Data Module#
The Data Module (data_module.py) provides loading and configuration utilities for CTF datasets. It handles train/test pairs, timestep generation for training and evaluation, validation splits, and dataset metadata used by models and the evaluation pipeline.
Overview#
The data module provides tools to:
Load datasets: Load training and initialization (or test) data for a given dataset name and pair ID
Resolve pair IDs: Parse
pair_idfrom config (single ID, list, range, or"all")Timesteps: Get training timesteps and prediction timesteps for a pair
Validation: Support validation splits (training/validation timesteps and
load_validation_dataset)Config and metadata: Read dataset YAML config and metadata (e.g.

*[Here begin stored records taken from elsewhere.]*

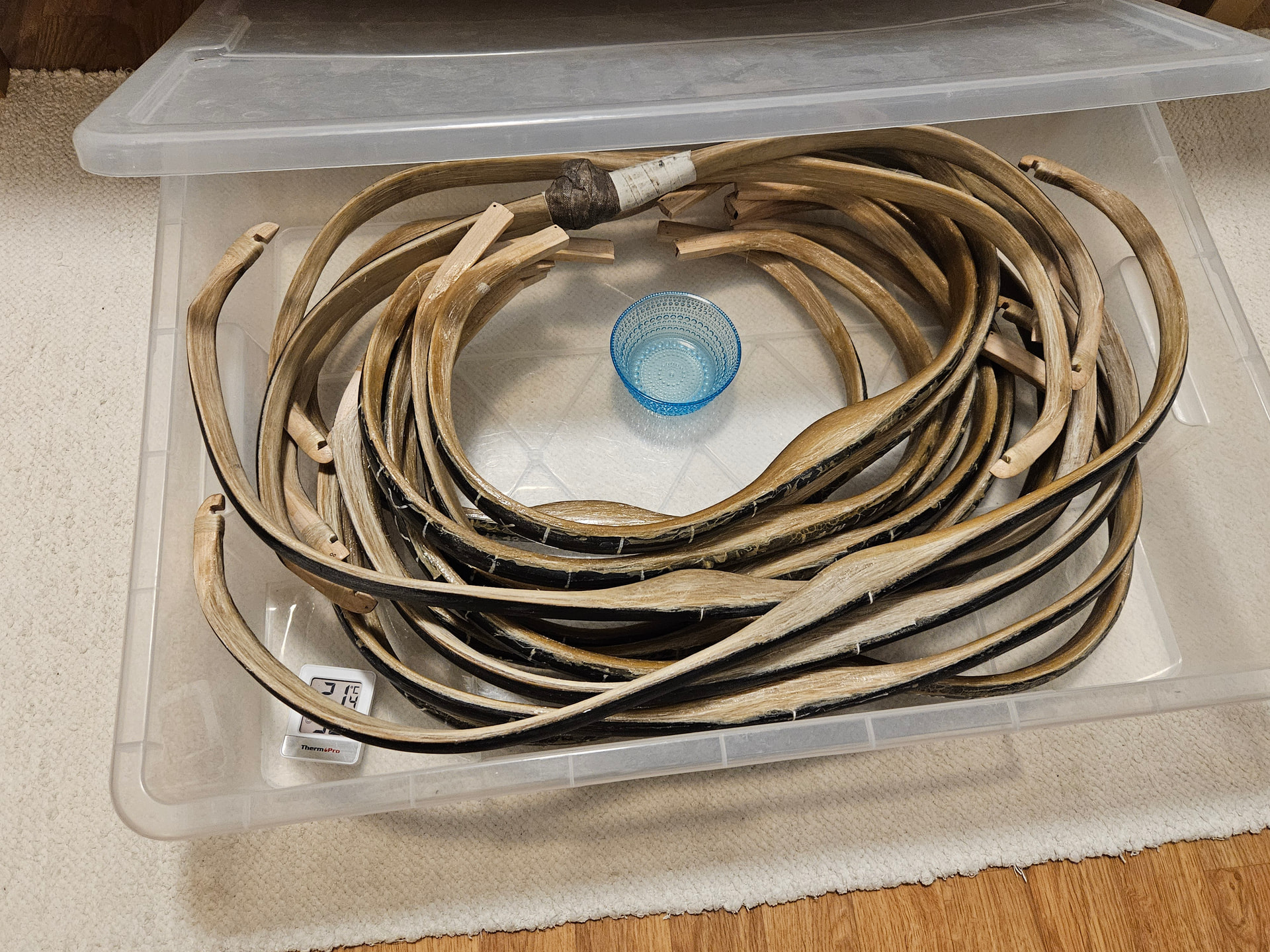 I like that idea with the tote and cup of water and the meter too. I’m gona do that I think. The day that I test shot my Korean style bow it was a very hot humid day so it bent and balanced nicely then. In Alberta here it’s quite dry. I find that I have to wrap my sinew to keep from drying too fast. lol. I burnished my top layer on my Turkish style bows after about a week or so after to help compress it good in case it dried too fast on very top layer. We will see if that was a good idea or not. I’m hoping my Turkish bows will be good to go for august. I’ll pick a nice hot day and use your idea with moisture tote before I get bending them.
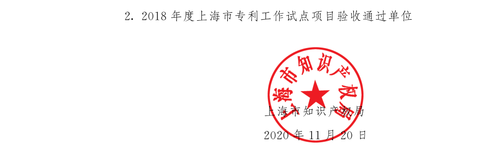 近期,上海市知識產權局公布了2018年度上海市專利工作試點示范項目驗收單位名單。
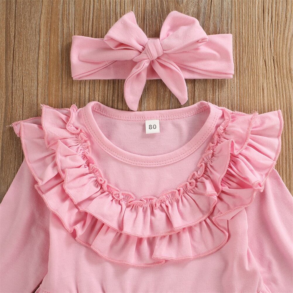 ★送料無料★ 女の子 3色 ブラウン 茶色 フリル ヘアバンド付き 長袖 キッズ 子供 2歳 3歳 4歳 5歳 6歳

delta_t, matrix shapes)Visualization: Get which plot types apply to a dataset (
get_applicable_plots)
Dataset layout is under data/{dataset_name}/ with a {dataset_name}.yaml config and train/ (and optionally test) data files. See Datasets for available datasets.
Usage#
Programmatic Usage#
from ctf4science.data_module import (
get_config,
parse_pair_ids,
load_dataset,
get_training_timesteps,
get_prediction_timesteps,
get_metadata,
)
# Dataset config and which pairs to process
config = get_config("ODE_Lorenz")
pair_ids = parse_pair_ids({"name": "ODE_Lorenz", "pair_id": 1})

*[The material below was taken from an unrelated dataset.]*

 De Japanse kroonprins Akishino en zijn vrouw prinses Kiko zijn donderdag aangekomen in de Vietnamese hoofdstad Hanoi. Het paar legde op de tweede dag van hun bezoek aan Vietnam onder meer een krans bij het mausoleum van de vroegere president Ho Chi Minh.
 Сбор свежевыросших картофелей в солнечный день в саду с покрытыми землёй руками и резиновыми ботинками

# Load train and initialization data for one pair
train_data, init_data = load_dataset("ODE_Lorenz", pair_id=1)
# Timesteps for training and for evaluation
train_timesteps = get_training_timesteps("ODE_Lorenz", 1)
pred_timesteps = get_prediction_timesteps("ODE_Lorenz", 1, subset="test")

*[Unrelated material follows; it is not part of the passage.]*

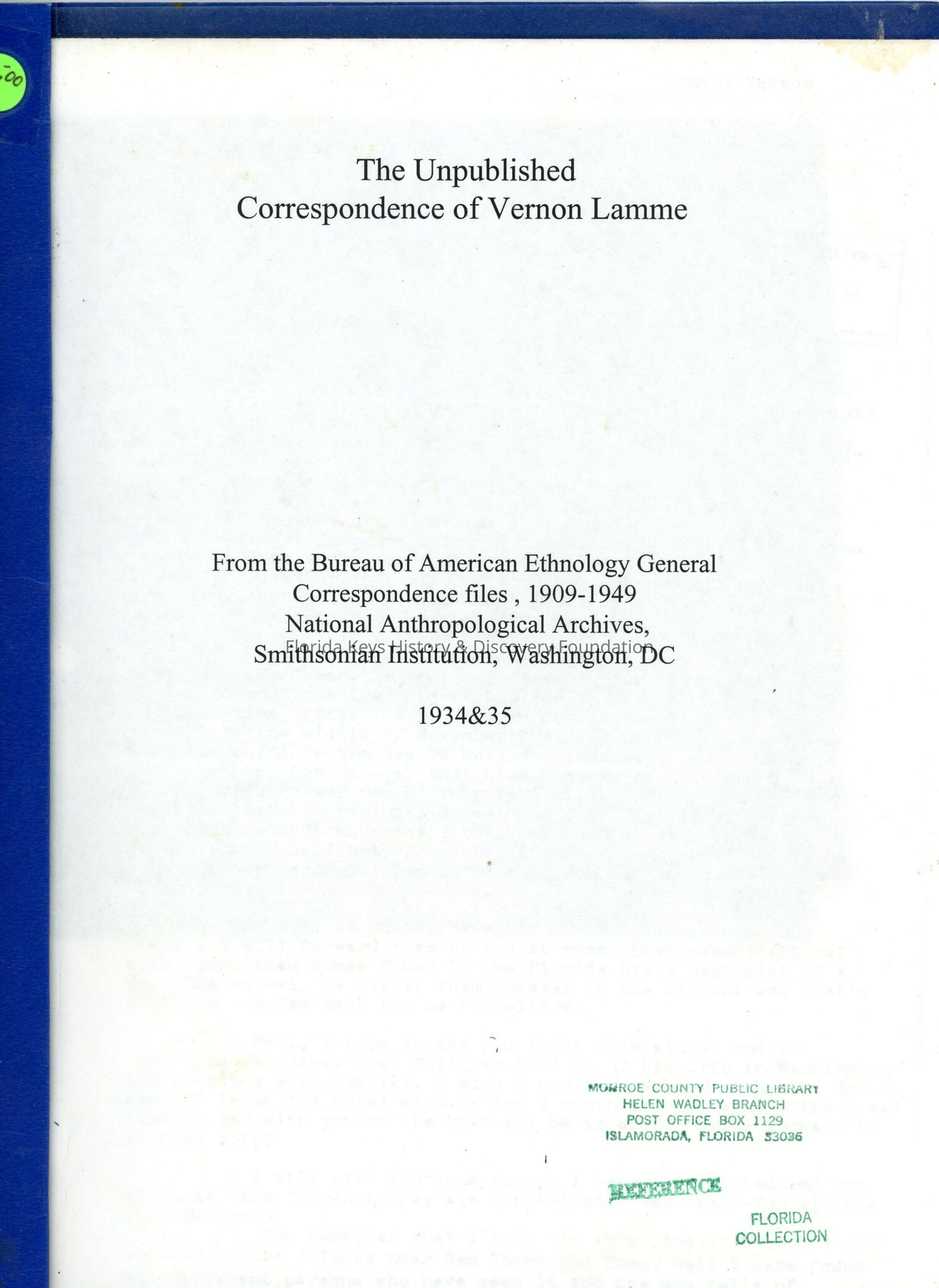 The Unpublished Correspondence of Vernon LammeEntry/Object ID

# Metadata (delta_t, matrix_shapes, etc.)
metadata = get_metadata("ODE_Lorenz")
Validation Splits#
For validation (e.g. hyperparameter tuning), use the validation helpers:
from ctf4science.data_module import (
get_validation_training_timesteps,
get_validation_prediction_timesteps,
load_validation_dataset,
)
val_train_t = get_validation_training_timesteps("ODE_Lorenz", 1, train_split=0.8)
val_pred_t = get_validation_prediction_timesteps("ODE_Lorenz", 1, train_split=0.8)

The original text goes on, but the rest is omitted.